The antigenic diversity of RVs makes the development of a vaccine rather unlikely. Modulation of the host response to virus infection is a potential approach to therapy; taking into account the impaired IFN production in asthmatics, IFN supplementation could be a targeted treatment for asthma exacerbations 6. Experimental data from in vitro models have shown that the administration of exogenous IFN-β induced apoptosis and suppressed viral replication, suggesting the potential for therapeutic intervention 79. Attempts with intranasal IFNs (IFN-α2 and IFN-β-serine) have not found their way to the clinic to date, due to either reduced efficacy or severe side-effects 104, 105. Pleconaril is an agent with broad-spectrum activity against RVs, which has been developed as an oral preparation to be taken twice daily. Although modest efficacy against natural colds has been verified in phase-II clinical trials, concerns have been raised about the development of resistant RV mutants 106, 107. At this stage, there are no clinical data regarding the efficacy of pleconaril in acute asthma exacerbations.
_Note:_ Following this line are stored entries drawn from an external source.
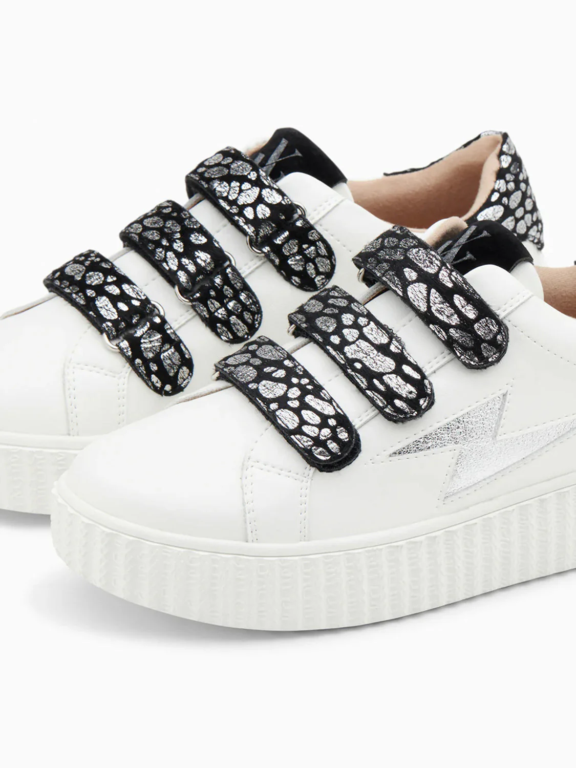 – Scratchs et patch arrière en suédine noire imprimé léopard argent métallisé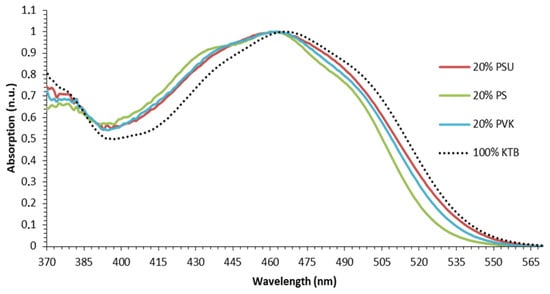 The normalized absorption spectrum of the pure KTB sample and samples containing 20 wt% of KTB in PVK, PSU, PS matrices are depicted in Figure 4. The maximum absorption bands are typically around 471 nm, with slight variations of up to 10 nm depending on the host polymer. The shapes of these spectra exhibit similarities, with slight broadening observed as the dielectric constant of the polymer increases from PS to PVK. These changes in the maximum absorption position and spectral broadening can be attributed to the solvation of KTB within the polymer matrix, influenced by the varying dielectric constants of the solid solution systems. This leads to the reorganization of solvent and solute molecules into solid solvation complexes, resulting in alterations in the stabilization of the dye molecules’ ground and first excited states, manifesting as shifts in the shape and intensity of certain bands in the absorption spectrum [35].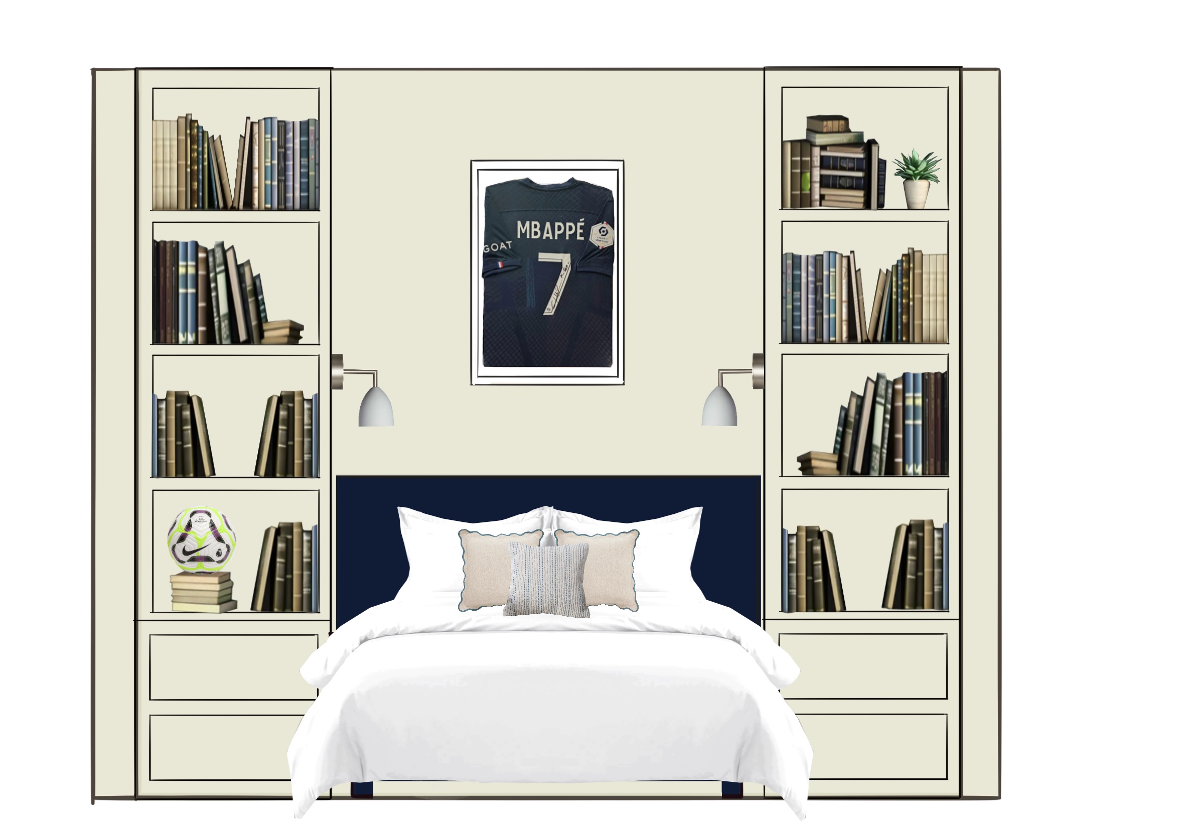 create a photo realistic render of this photo replace lots of books with boys toys on the shelves on top left and right 2nd shelf from the top add 2 rattan basket for storage on 2 of the shelves there should be 8 shelves in total keep the football on some books but remove the books on the side add boys toys car aeroplane bike globe basketball rugby ball some books for kids aged 8 12 should be added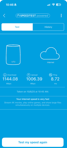 Orbi app on my phone measuring connection speed at RBR850 Router (removing WiFi connection) yields 1140Mb down/1000Mb up: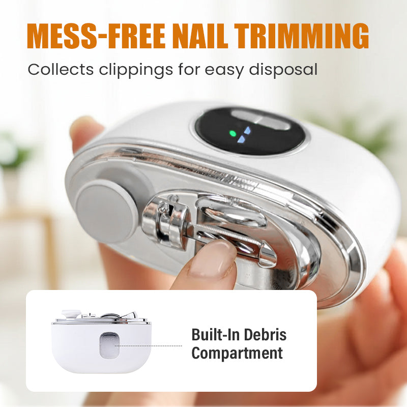INTEGROVANÁ ZÁSOBNÍK NA NECHTY: Počas používania automaticky zbiera odrezky nechtov a zabraňuje tak neporiadku. Po manikúre stačí vyprázdniť vstavanú nádobku na rýchle a hygienické vyčistenie, aby bol váš priestor vždy uprataný a čistý.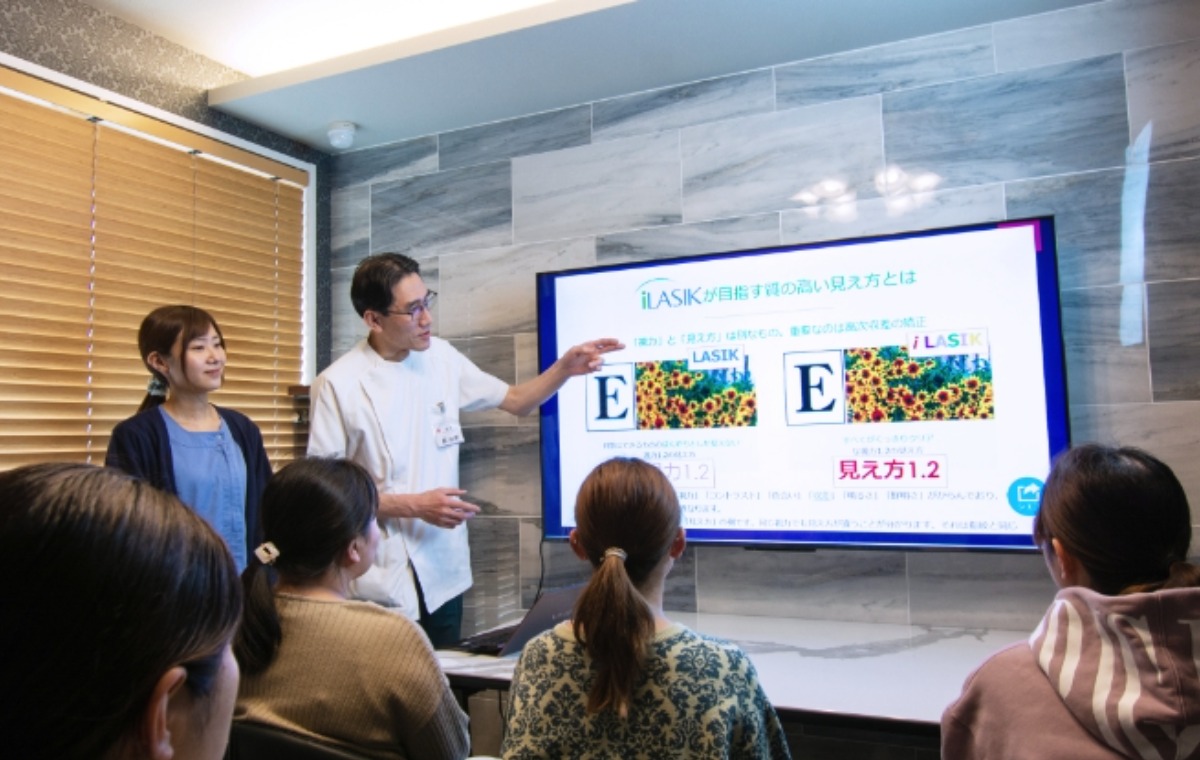 従来施術前に行える検査は、個人差のある角膜や水晶体の歪み、眼球全体の高次収差まで加味しての矯正は難しい現実があった。しかし「iLASIK」なら、その人の眼球の細かな歪みまで精密に検査を行った上での施術が可能に。無料説明会も定期的に実施している。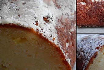 Ingrédients : - 2 œufs, - une boite de ricotta, - 75 g de beurre - 120 g d’amandes en poudre, - 60 g de sucre - 50 g de farine à levure incorporée, - le jus d’un gros citron, - 1 c à s. de zestes de citron - 4/5 gouttes d’essence d’amande amère, - sucre glace pour décorer.
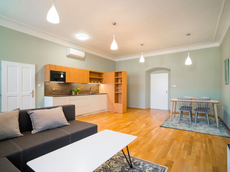 Disponuje obývacím pokojem s kuchyňským a jídelním koutem, plně vybavenou kuchyňskou linkou s lednicí, indukcí, mikrovlnou troubou a myčkou nádobí, rozkládací sedací soupravou, TV, klimatizací, dvěma ložnicemi a dvěma koupelnami. Jedna ložnice je tvořena manželskou postelí a šatnou, druhá ložnice s manželskou postelí je spojena s koupelnou s vanou. K vybavení této koupelny patří dále WC a bidet. Druhá koupelna tohoto apartmánu je vybavena sprchou a WC. Vhodné pro čtyři dospělé osoby s možností dvou přistýlek v obývacím pokoji (rozkládací sedačka).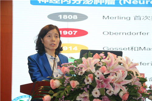 汤琪云致辞。汤琪云介绍了神经内分泌肿瘤疾病近些年的发病情况以及江苏省神经内分泌肿瘤诊治中心创建的背景、过程、取得的成绩、产生的影响等。她相信,江苏省神经内分泌肿瘤诊治中心扬州分中心的挂牌,能够让扬州大学附属医院在神经内分泌肿瘤专病上形成较为显著的优势,将其先进诊疗特色辐射周边地区,为今后工作的开展打开新局面,推动神经内分泌肿瘤这一专病学科建设的发展,更好地为神经内分泌肿瘤患者的健康保驾护航。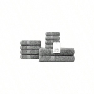 100 Combed Cotton Bath Towel Set, 10 Pieces, Soft Absorbent, Spa, Grey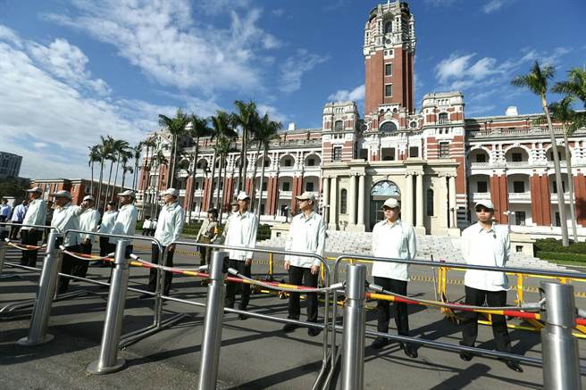 蔡辦前架起欄架,阻隔抗議群眾。(圖片來源:臺灣“中時(shí)電子報(bào)”)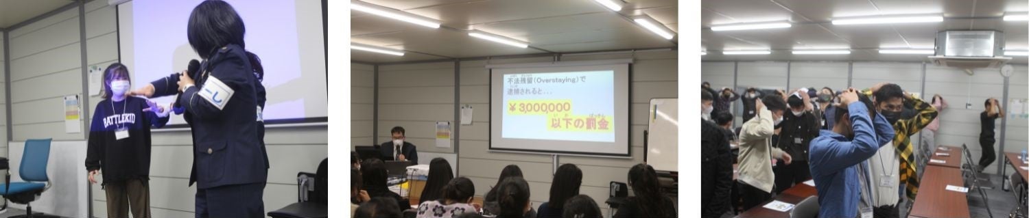 県警本部のよくし隊レディ「あおぼーし」が盗撮の手口や犯罪に巻き込まれないための対策、護身術を実演しました。賭博が犯罪であることや薬物の危険性についても伝えました。また、罪を犯したときの罰金や罰則等、日本の法律についても学びました。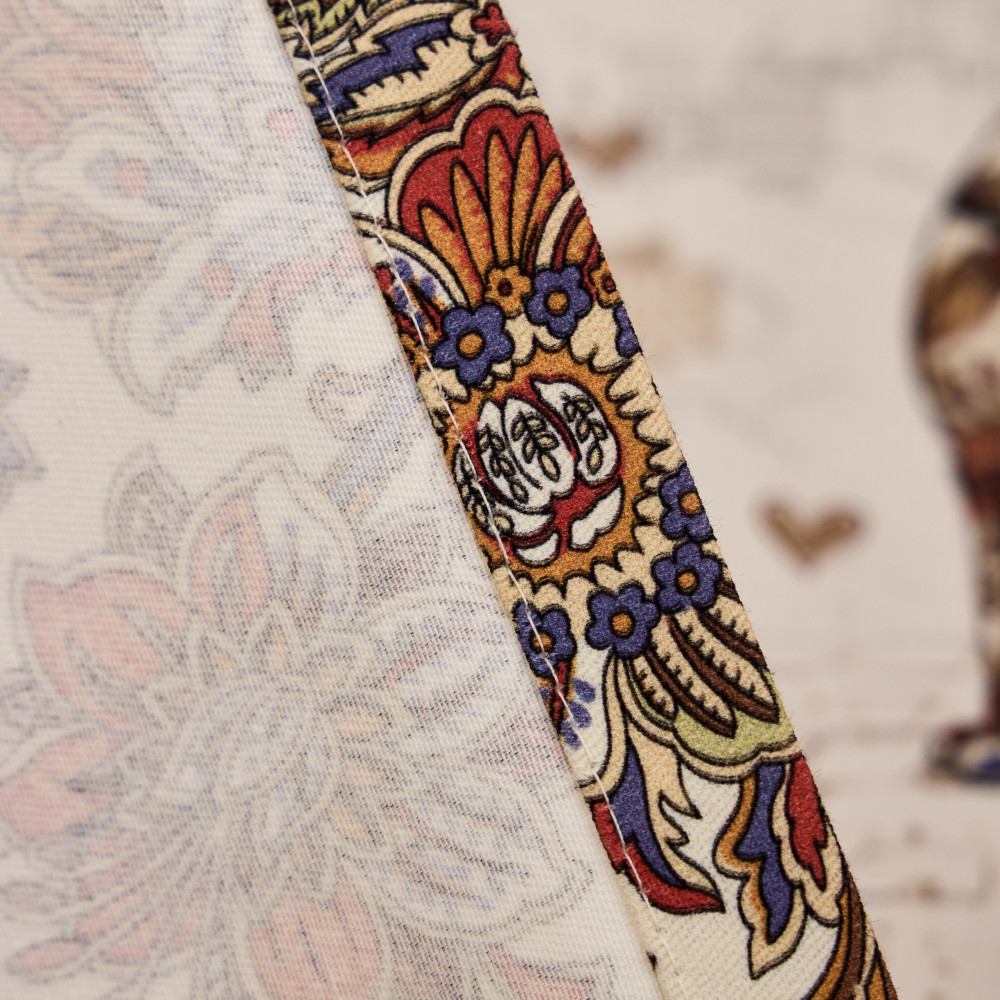 Цифровая печать позволяет перенести на изделия не только всё богатство красок и оттенков, но и придать особую прочность крашению, ткань не теряет своей яркости даже после 100 стирок. Изделия легки и не прихотливы в уходе, стирать нужно при температуре 40С, гладить при температуре от 110-170С с отпариванием, но нельзя подвергать хлорному отбеливанию. Для удобства эксплуатации на ряд изделий, такие как фартуки, скатерти, дорожки, может наноситься водогрязеотталкивающая пропитка которая не влияет на внешний вид изделия, но позволяет избежать сильного загрязнения при использовании.

Macrolides and ketolides, beside their antimicrobial action, possess important immune-modulating effects 108–110. A multicentric double-blind randomised placebo-controlled study assessed the efficacy of oral telithromycin for 10 days, as a supplement to standard treatment for adults with an acute asthma exacerbation. Significant improvements in both symptoms and lung function were shown in the treatment group, and the effect did not seem to depend crucially upon the presence of atypical bacteria 111. Further work-up is essential in order to identify patient groups likely to benefit from similar treatment approaches among children 112. Such a study of clarithromycin in acute exacerbations of asthma in school-age children is underway (data not shown). With respect to RSV-induced lower respiratory tract diseases, recent data indicate lack of efficacy of azithromycin in hospitalised children aged <24 months 113.

A variety of novel options for the prevention and treatment of virus-induced asthma, such as antioxidants, VEGF and angiogenesis inhibitors, and more, need to be further assessed for their efficacy and applicability.

CONCLUSIONS

Viral infections are the major precipitant of asthma exacerbations, leading to a complex of inflammatory processes. Although knowledge of the mechanism underlying infection-induced asthma exacerbations has increased substantially since the late 1990s, a great deal of further work is still clearly warranted. Moreover, the interactions between viruses, other pathogens, air pollution, and allergen sensitisation and exposure are incompletely understood. Identification of the mechanisms involved in the pathogenesis of asthma exacerbations should facilitate development of future treatments tailored to the underlying cause.